**WORK ORDER:** Once you have found the line with "Response surface graphs" in the records below, retype it and every line after it to the end exactly, with no pictures and nothing more.

**EXTRACTED INFORMATION:**
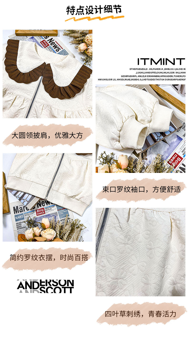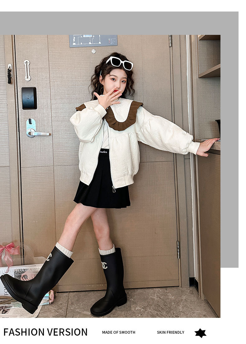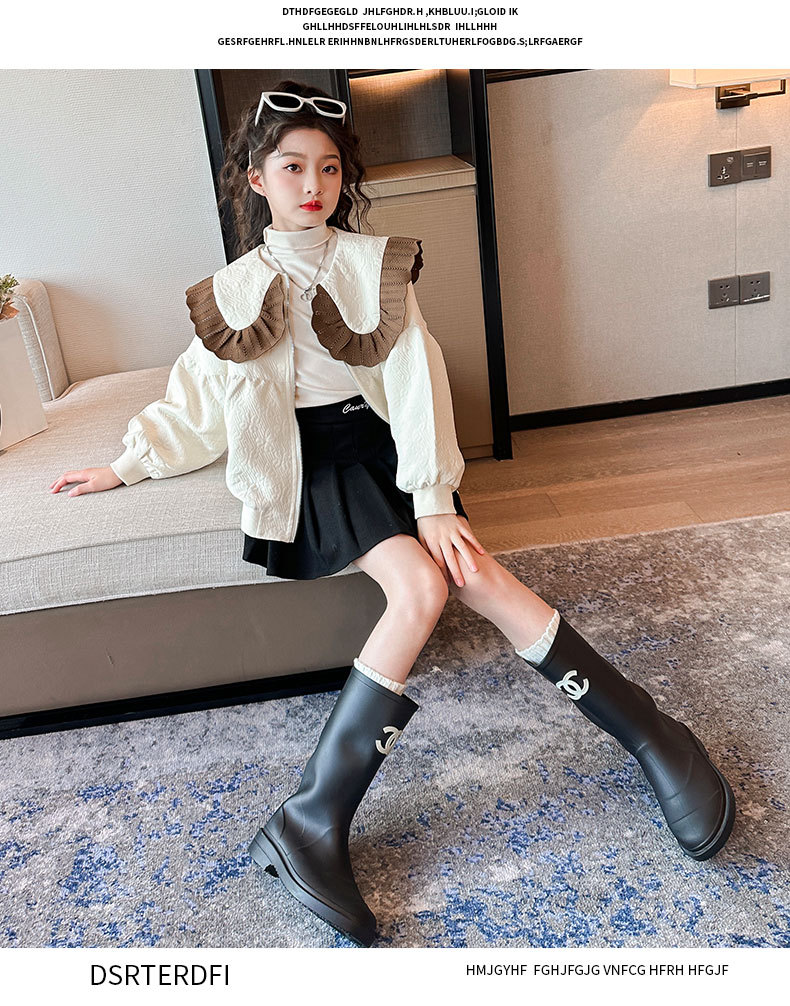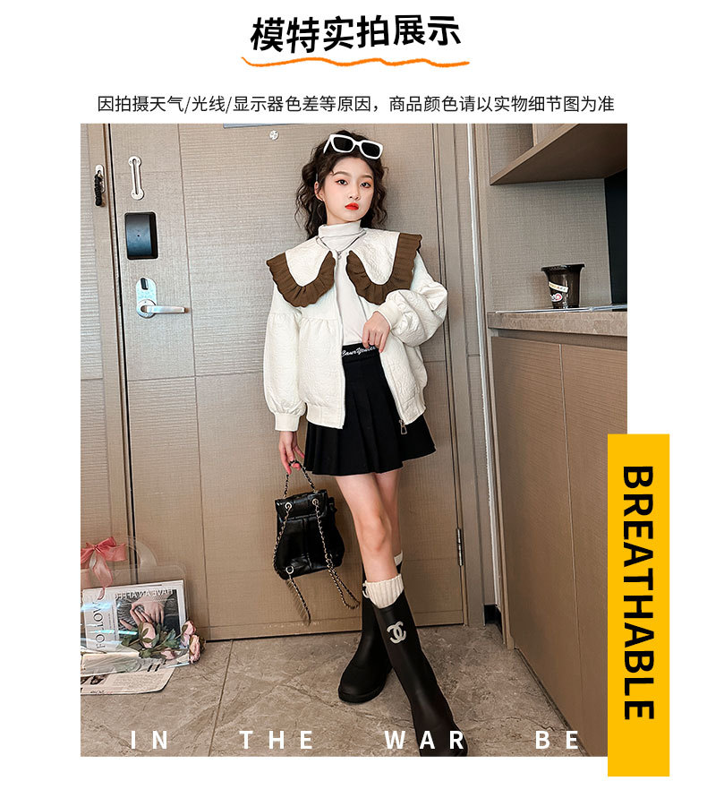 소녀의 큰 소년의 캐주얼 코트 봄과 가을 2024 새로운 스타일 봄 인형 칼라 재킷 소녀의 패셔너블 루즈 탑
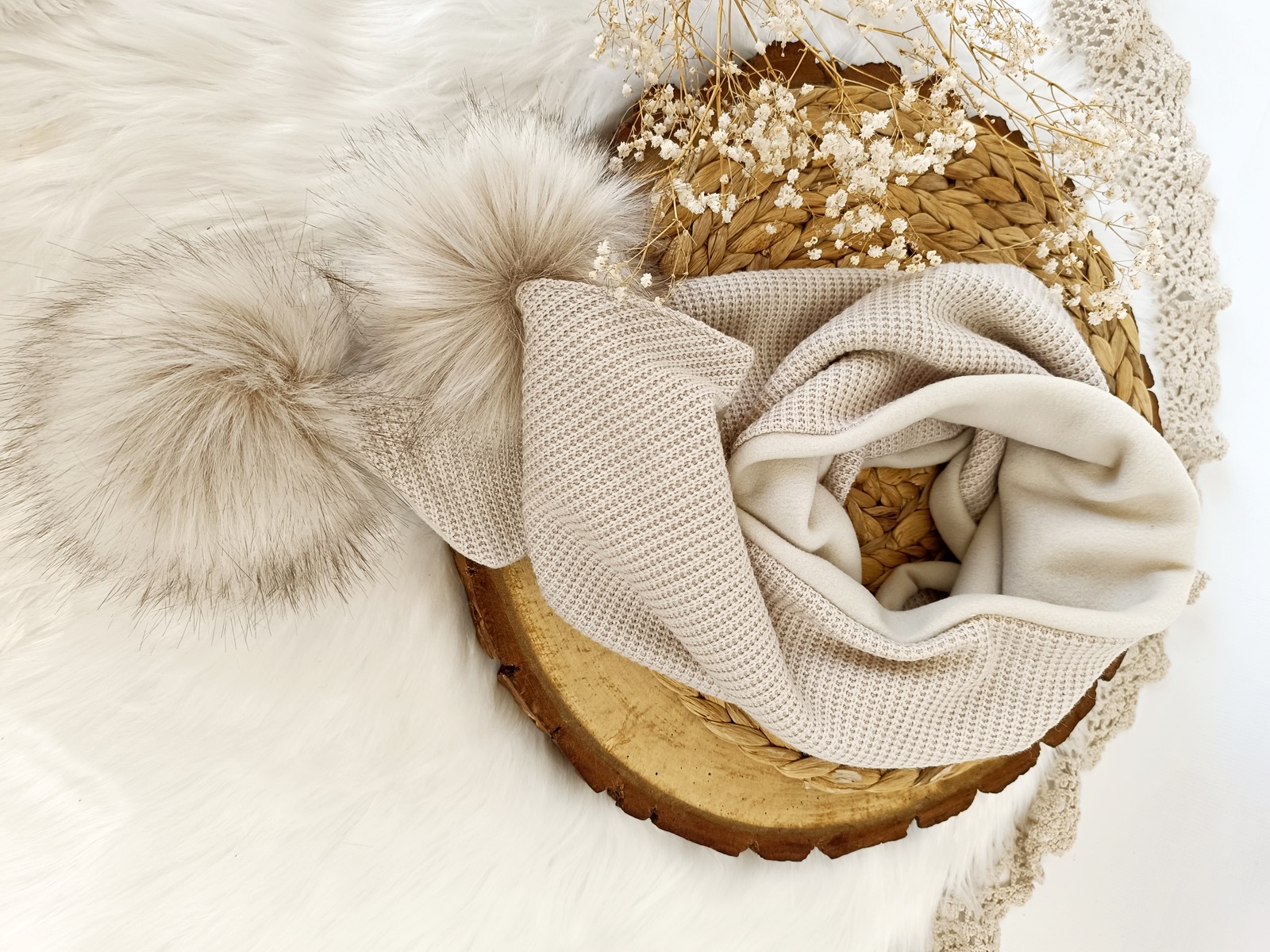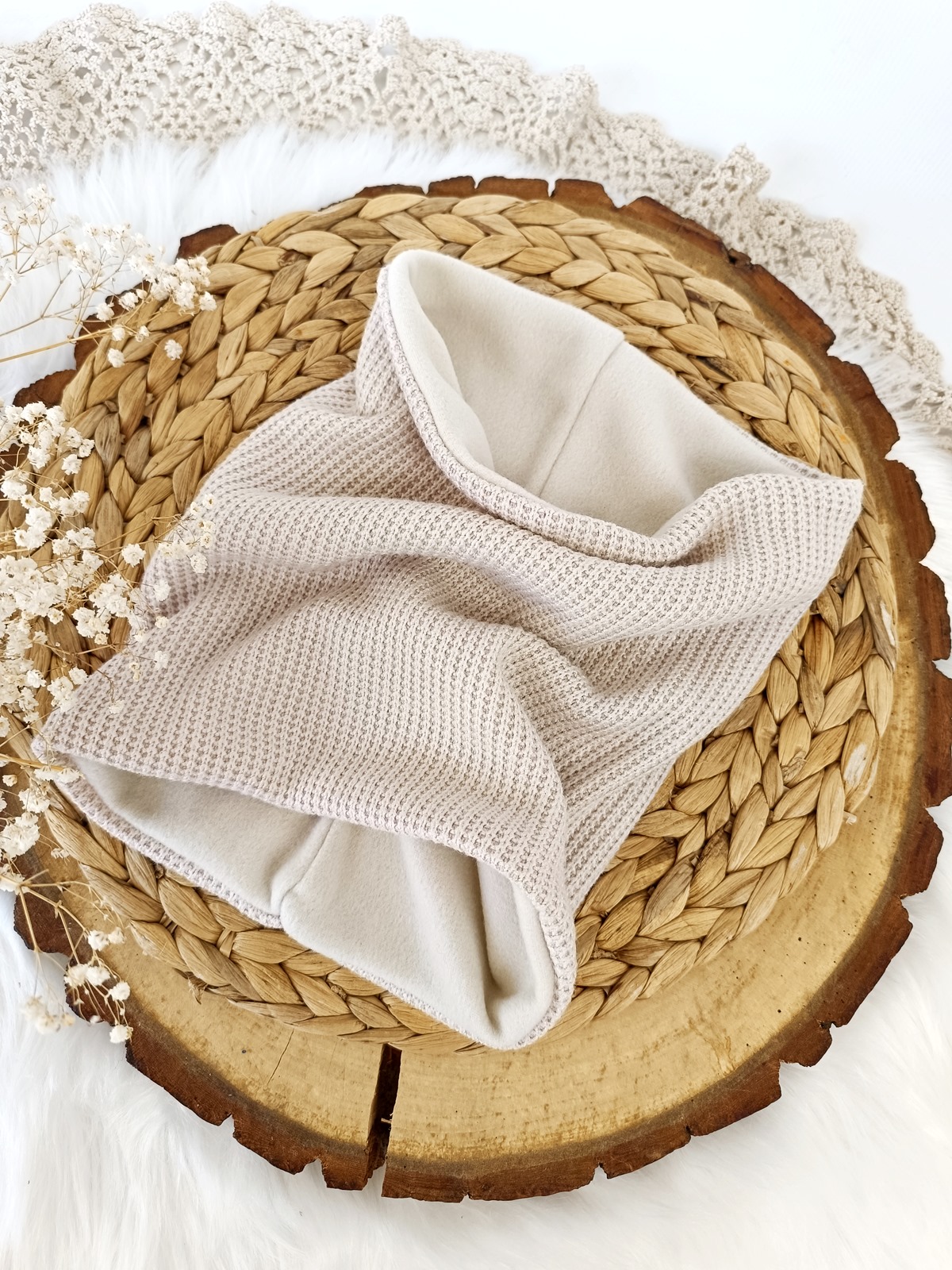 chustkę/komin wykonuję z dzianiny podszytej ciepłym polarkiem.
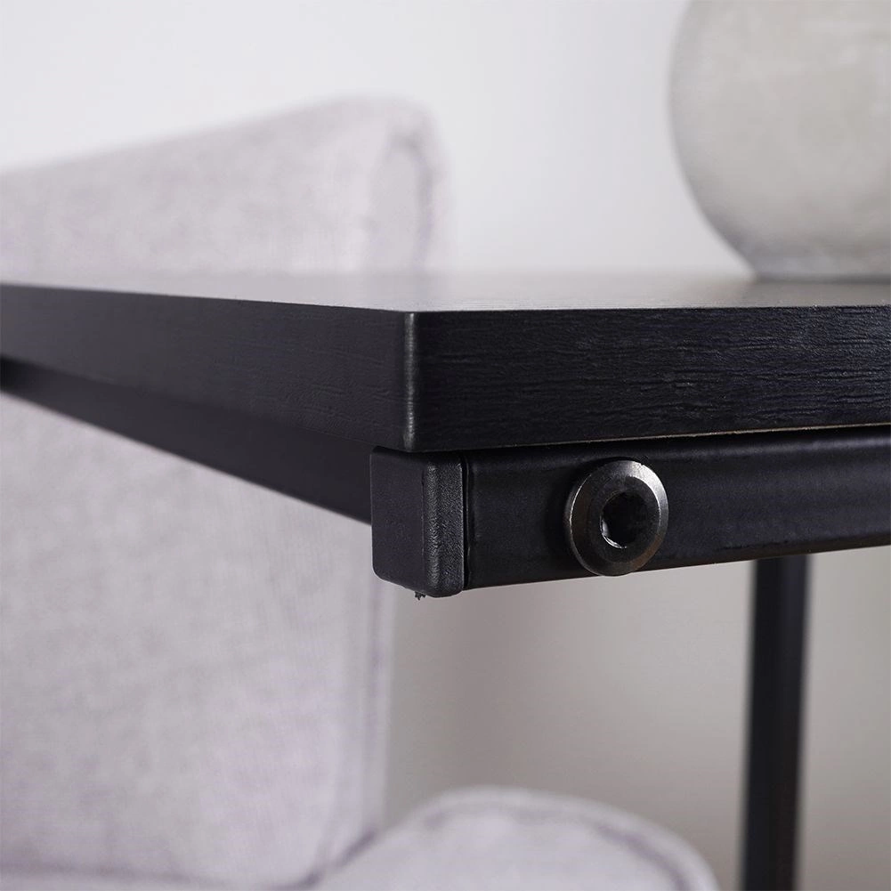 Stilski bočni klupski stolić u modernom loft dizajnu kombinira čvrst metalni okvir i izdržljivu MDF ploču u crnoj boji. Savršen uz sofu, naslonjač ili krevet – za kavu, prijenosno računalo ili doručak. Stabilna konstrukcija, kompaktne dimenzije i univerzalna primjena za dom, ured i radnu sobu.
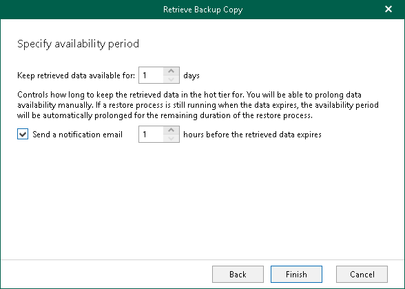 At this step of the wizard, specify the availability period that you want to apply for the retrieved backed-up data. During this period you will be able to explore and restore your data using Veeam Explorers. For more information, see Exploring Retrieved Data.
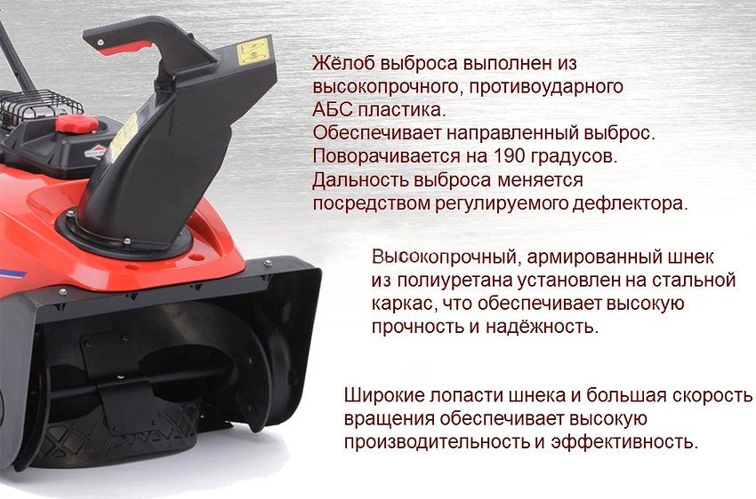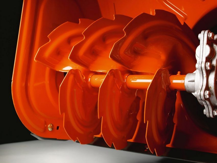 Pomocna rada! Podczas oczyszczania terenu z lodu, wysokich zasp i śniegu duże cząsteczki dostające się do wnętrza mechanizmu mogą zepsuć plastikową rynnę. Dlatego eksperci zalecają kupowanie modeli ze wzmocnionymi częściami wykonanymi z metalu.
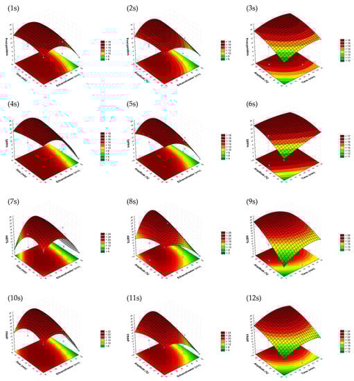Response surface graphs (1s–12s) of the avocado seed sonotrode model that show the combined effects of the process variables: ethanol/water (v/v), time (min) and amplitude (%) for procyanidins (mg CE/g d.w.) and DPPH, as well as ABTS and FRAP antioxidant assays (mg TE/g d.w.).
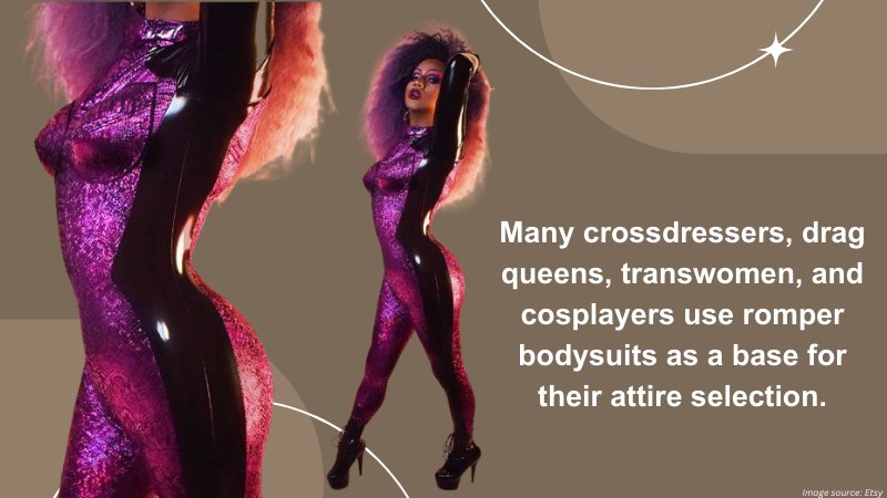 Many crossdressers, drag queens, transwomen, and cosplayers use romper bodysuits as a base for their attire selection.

**ANSWER FOR THE TASK:**
Response surface graphs (1s–12s) of the avocado seed sonotrode model that show the combined effects of the process variables: ethanol/water (v/v), time (min) and amplitude (%) for procyanidins (mg CE/g d.w.) and DPPH, as well as ABTS and FRAP antioxidant assays (mg TE/g d.w.).
 Many crossdressers, drag queens, transwomen, and cosplayers use romper bodysuits as a base for their attire selection.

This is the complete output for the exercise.